Repost from Steve Wheeler Seven reasons teachers should blog.
1) Blogging causes you to reflect. Donald Schon suggested that reflection on, in andthrough practice were vital components of any professional practice. Teachers naturally think back on what has happened in their classroom, and often wonder what they could have done better. Blogging can help with this process, enabling teachers to keep an ongoing personal record of their actions, decisions, though processes, successes and failures, and issues they have to deal with.
2) Blogging can crystalise your thinking. In the act of writing, said Daniel Chandler, we are written. As we write, we invest a part of ourselves into the medium. The provisionality of the medium makes blogging conducive to drafting and redrafting. The act of composing and recomposing ideas can enable abstract thoughts to become more concrete. Your ideas are now on the screen in front of you; they can be stored, retrieved and reconstructed as your ideas become clearer. You don’t have to publish if you want to keep those thoughts private. Save them and come back to them later. The blog can act as a kind of mirror to show you what you are thinking. Sometimes we don’t really know what we are thinking until we actually write it down in a physical format.
3) Blogging can open up new audiences. You can become a teacher within an infinitely larger classroom, and as you blog on subjects you think are interesting, you will discover that there are plenty of other education professionals ‘out there’ who are also interested. People who are interested will eventually find your blog and visit it regularly to see if they can learn something new from you.
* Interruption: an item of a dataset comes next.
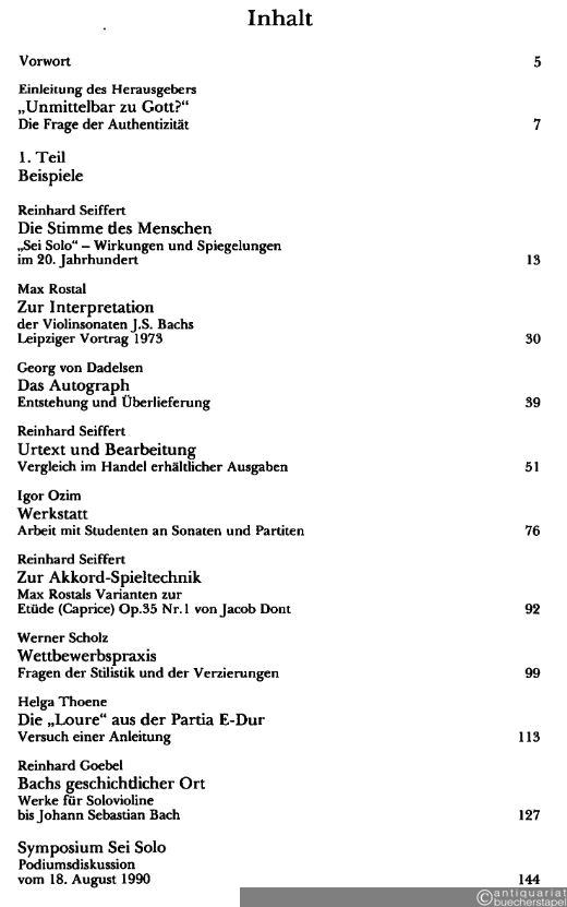 J. S. Bach. Sei Solo. Sechs Sonaten und Partiten für Violine. Interpretation, Aufführungspraxis, Authentizität.

4) Blogging can create personal momentum. Once you have started blogging, and you realise that you can actually do it, you will probably want to develop your skills further. Blogging can be time consuming, but the rewards are ultimately worth it. In my own experience, I find myself breaking out of inertia to create some forward movement in my thinking especially when I blog about ‘edgy’ topics that may be emotive, controversial, challenging. The more you blog, the better you become at writing for your audience, managing your arguments, defending your position, thinking critically.
5) Blogging can give you valuable feedback. As you gain feedback from your readership, you gain a sense of peer review, sometimes challenging and refuting your ideas (tricky to handle, but be open minded and you will learn a lot from constructive criticism) or affirming what you already believe to be true (some feedback from readers adds further value to your blogpost, and it’s there for all to read). Affirmation of your own beliefs can be a powerful enabler for you as a professional practitioner.
6) Blogging can be creative. If you persist with blogging, you will discover that you develop new and creative ways to articulate what you want to say. As I write, I often search for alternative ways to express myself, and this can be through images, quotes, a retelling of old experiences through stories, videos, audio, or useful hyperlink to related web resources. You have many ways to convey your ideas, and you are simply limited to your own imagination. Try out new ways of communicating and take risks. Blogging is the platform that allows you to be creative.
7) Blogging can raise your game. Blogging is immediate. As soon as you press the Publish button, your ideas are on the web in front of a potential worldwide audience. Time and again I have heard from other teachers (and students) that they take much more care over grammatical construction, spelling and punctuation when they discover they have an audience.
Points 1, 2 and 4 are the reasons why I started this blog.